Die Frau fuhr fort. „Natürlich war diese kleine Darstellung der Zuneigung vielleicht ein Hinweis darauf, dass sie etwas mehr als Freunde sind. Kagome scheint sich außerdem einen Kosenamen verdient zu haben, ebenso wie einen zärtlichen Kuss für die Präsentation eines Preises. Er war mit Sicherheit nicht so interessiert an Joi Ito, wie wir erwartet hatten."

Zärtlicher Kuss? Zuneigung? Kosename? InuYasha schnaubte und schüttelte seinen Kopf. Das war lächerlich. Er hatte sie nur geküsst, um sich zu rächen. Er wusste, dass sie es hasste, wenn er in ihre Nähe kam und dass er so etwas in der Öffentlichkeit tat, musste für sie die ultimative Schande sein. Außerdem … würde es vielleicht Kouga warnen, seine Hände von allem zu lassen, dass unter seinem Dach war.

Um uns Einblicke in diese Entdeckungen zu geben haben wir unsere InuYasha Expertin wieder in das Studio eingeladen.", sagte die Frau, als die Kamera zu einer dritten Person umschwang, die auf der ‚Guten Morgen' Couch saß. Eine junge Frau, nur um die siebzehn Jahre.

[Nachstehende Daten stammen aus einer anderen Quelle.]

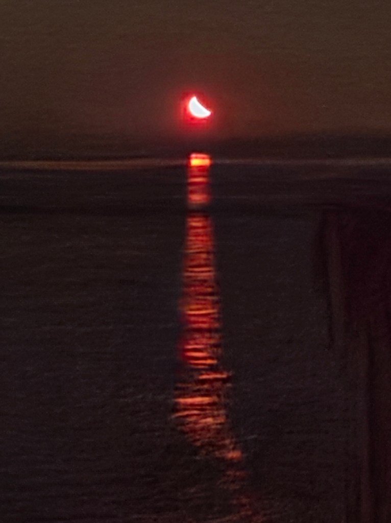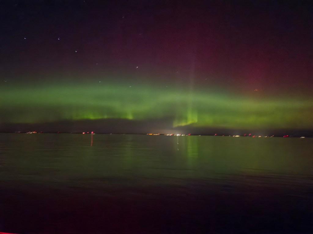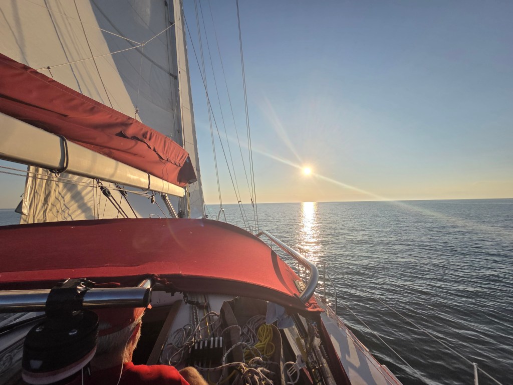 8pm to 12am – motored. 12am to 1pm downwind saiing! The northern lights were active and the stars amazing, until the ½ moon rose with an orange hew.

Er erkannte sie sofort und verengte die Augen. Sie war eine seiner alten Freundinnen, die prompt ihre Geschichte an alle Zeitungen verkauft hatte, in der Minute, als er sie fallen gelassen hatte. Alle schlechten Gerüchte stammten von diesem Mädchen … das waren schlechte Nachrichten …

Also, was halten Sie von dem Kosenamen Ästlein, Miss Asami?"

Ach! Asami! Jetzt konnte er sich an ihren Namen erinnern!

Ich denke, dass alles, was das wirklich bedeutet, Ikimi, ist, dass er sich nicht an ihren echten Namen erinnern kann. Das passiert immer wieder. InuYasha scheint sich niemals die Mühe zu machen, die Menschen um ihn herum näher kennen zu lernen.", erzählte die alte Freundin. „Und bezüglich irgendwelcher wachsender Beziehungen? Ich warne Kagome, sich zu hohe Hoffnungen zu machen – InuYasha ist der a-typische Frauenheld. Er hat eine Reputation dafür und schafft es trotzdem eine unglaublich hohe Anzahl an Mädchen für ihn zu begeistern, wenn er will. Ich hab gesehen, wie er auf einer Party Mädchen buchstäblich aus einer Menge auswählte und dann mit ihnen ins Badezimmer verschwand nur um rumzumachen."

„Hey – das hab ich nur einmal gemacht und danach hab ich mit dir Schluss gemacht!", schrie er den Fernseher an.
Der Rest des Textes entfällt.